▶ Provided entries:
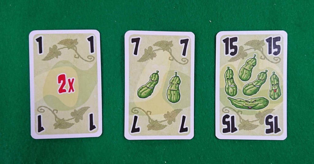 カードは1から15までが各4枚の枚です。カードにはキュウリが描かれています。数字が大きい程キュウリの数も増えます。1のカードだけ2×が描いてあります。
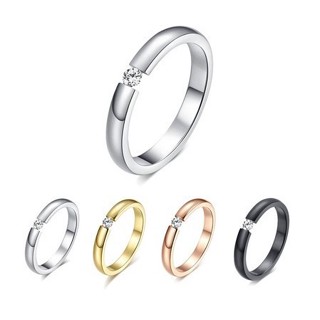 Cincin Berlian Tunggal Bahan Titanium Steel Ukuran 3mm / 4mm | Cincin Berlian Bahan Stainless Steel Model Lebar | Kotak Hadiah Untuk Hadiah
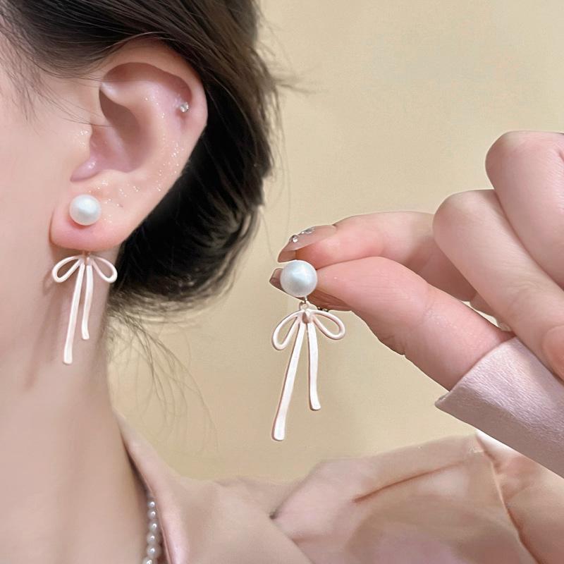 Pendientes de perlas con lazo para mujer, ligeros, lujosos, de alta gama, únicos, de estilo frío, elegantes, con personalidad exagerada.
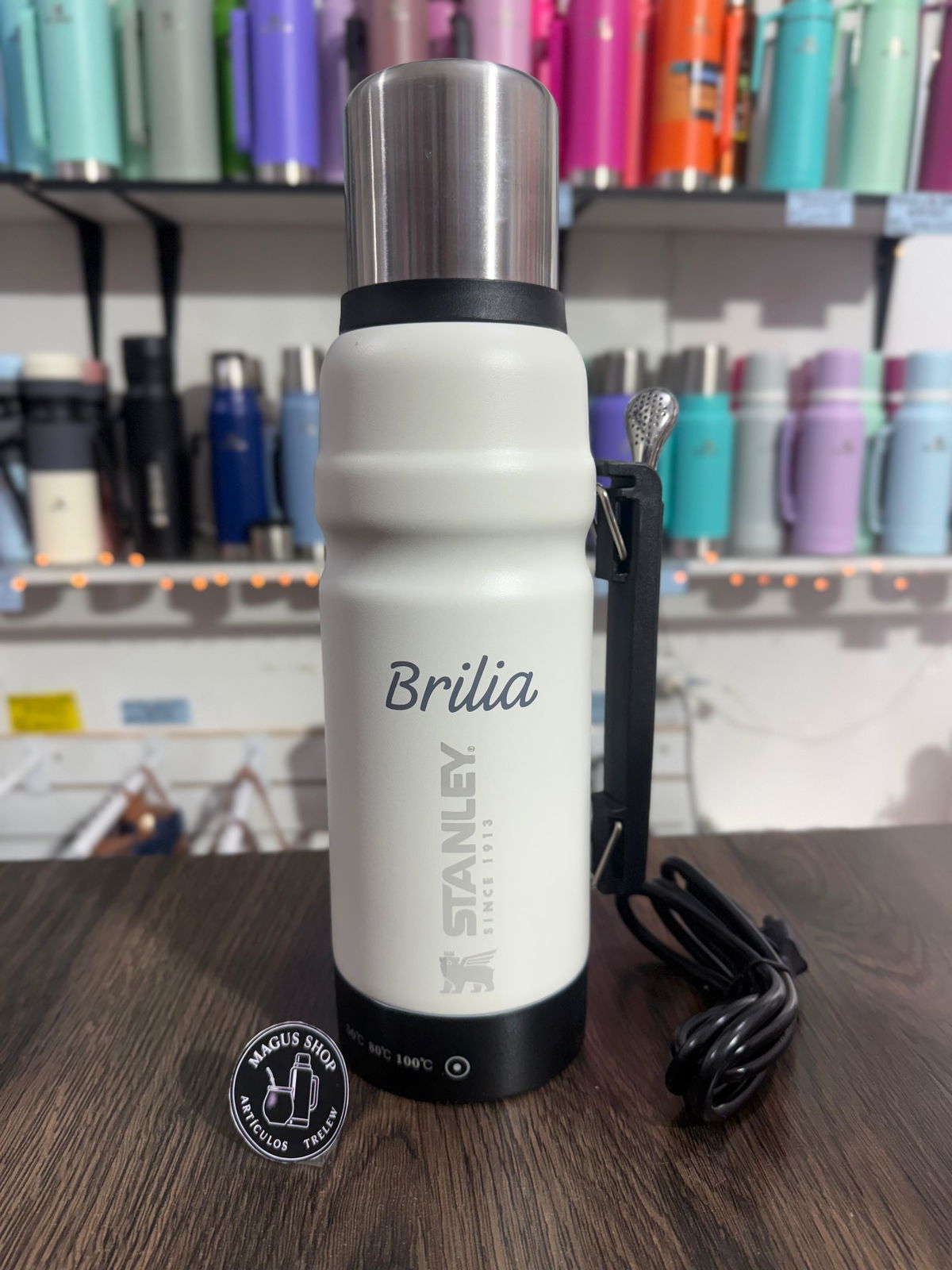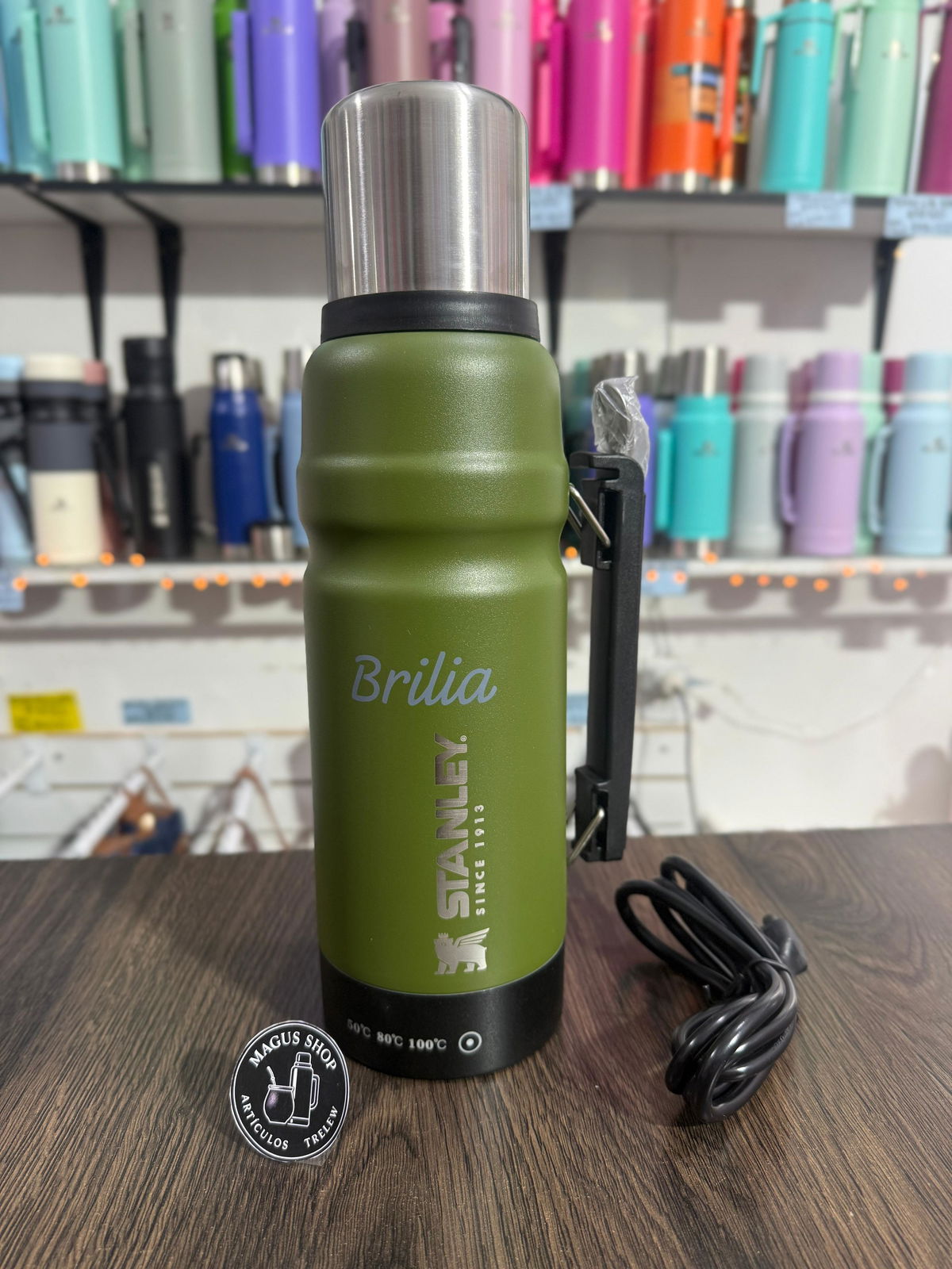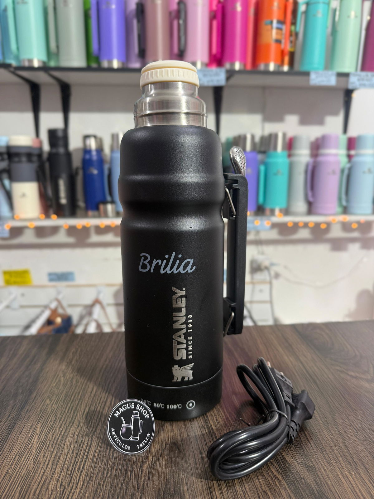 Termo eléctrico de 1 litro con manija. De acero inoxidable con doble capa de acero. Incluye cable cargador. Con pico a presión.
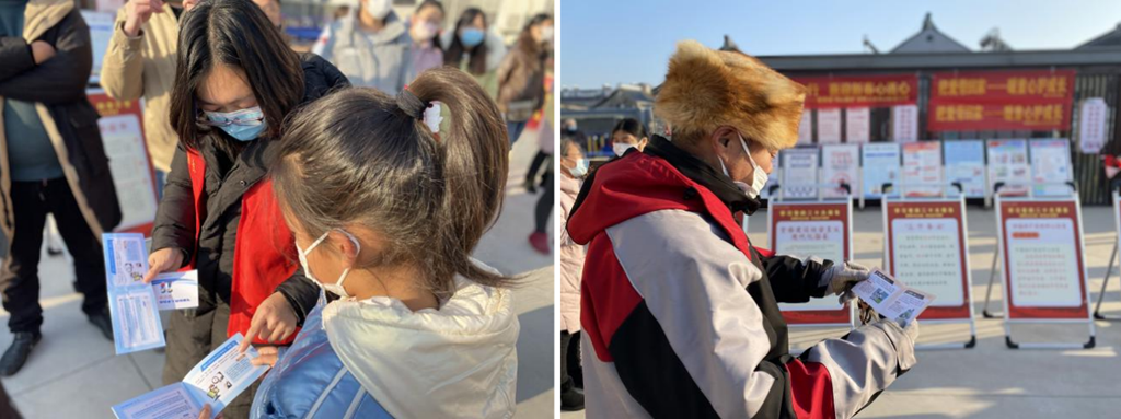 另一邊,志愿者在為群眾講解了互聯網違法和不良信息的危害以及散布謠言需要承擔的法律責任,詳細講解網絡舉報的途徑方式,并對春節期間高發的謠言進行預防式辟謠。同時號召大家關注“泰州市互聯網違法有害不良信息舉報中心”小程序,共同抵制網絡謠言、主動參與網絡舉報,營造“網絡安全為人民,網絡安全靠人民”的良好社會氛圍。
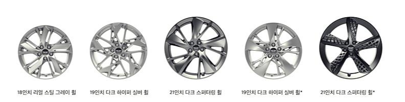 차량에서 마니아층이 가장 중요시 보게 되는 것은 바로 휠 디자인이라고 생각되는데요. 제네시스 GV70의 휠 디자인은 5가지 구성을 가지고 나왔어요. 18인치, 19인치=2개, 21인치=2개 이렇게 구성하고 있는데요. 18인치부터 시작하는 휠이라서 모두 디자인이 멋지게 나온 것 같아요. 특히, 21인치 다크 스퍼터링 휠의 경우 개인적으로 가장 매력적인 휠이 되지 않을까 생각되네요.
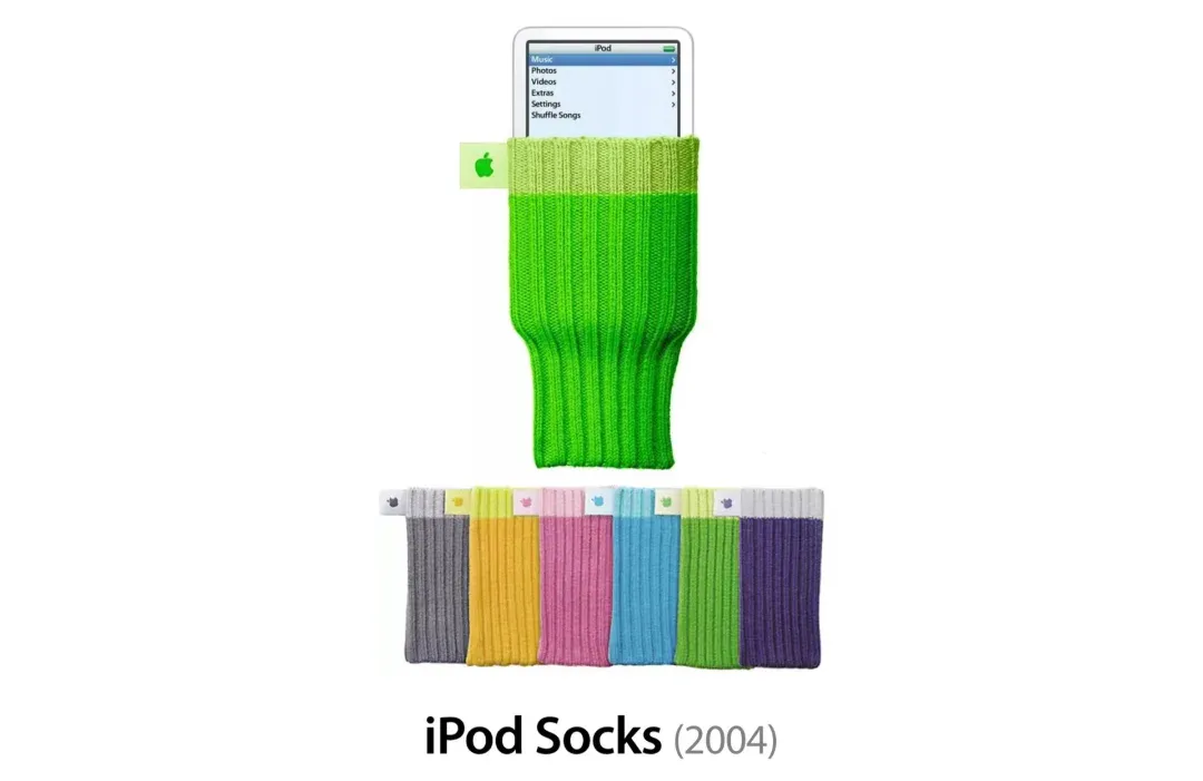 最经典的当属2004年推出的iPod Socks,一套五颜六色的针织袜,专为保护iPod设计。
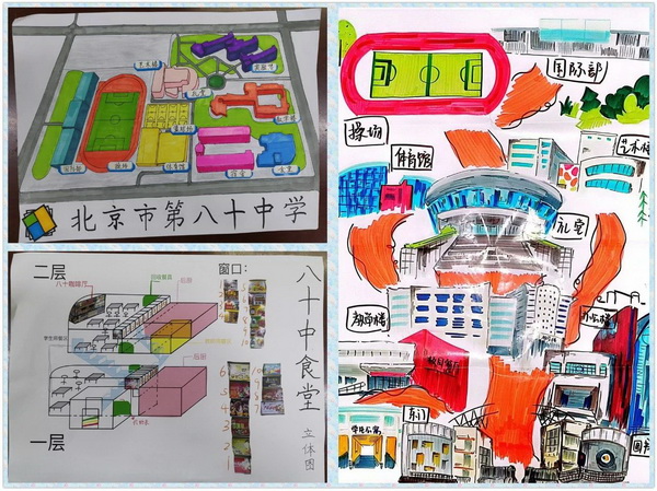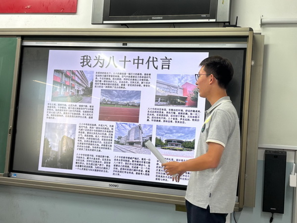 在入学教育的结尾,各班同学精心制作了 “我为八十中代言”文化产品,并展示了各班同学手绘的校园地图。一张张青春的面庞仿佛正在向校园呐喊:八十中学,我来了!

▶ To do:
The copy should run from the first line of the material above through the line with "Pendientes de perlas", repeated exactly and without pictures.

▶ Result of the exercise:
 カードは1から15までが各4枚の枚です。カードにはキュウリが描かれています。数字が大きい程キュウリの数も増えます。1のカードだけ2×が描いてあります。
 Cincin Berlian Tunggal Bahan Titanium Steel Ukuran 3mm / 4mm | Cincin Berlian Bahan Stainless Steel Model Lebar | Kotak Hadiah Untuk Hadiah
 Pendientes de perlas con lazo para mujer, ligeros, lujosos, de alta gama, únicos, de estilo frío, elegantes, con personalidad exagerada.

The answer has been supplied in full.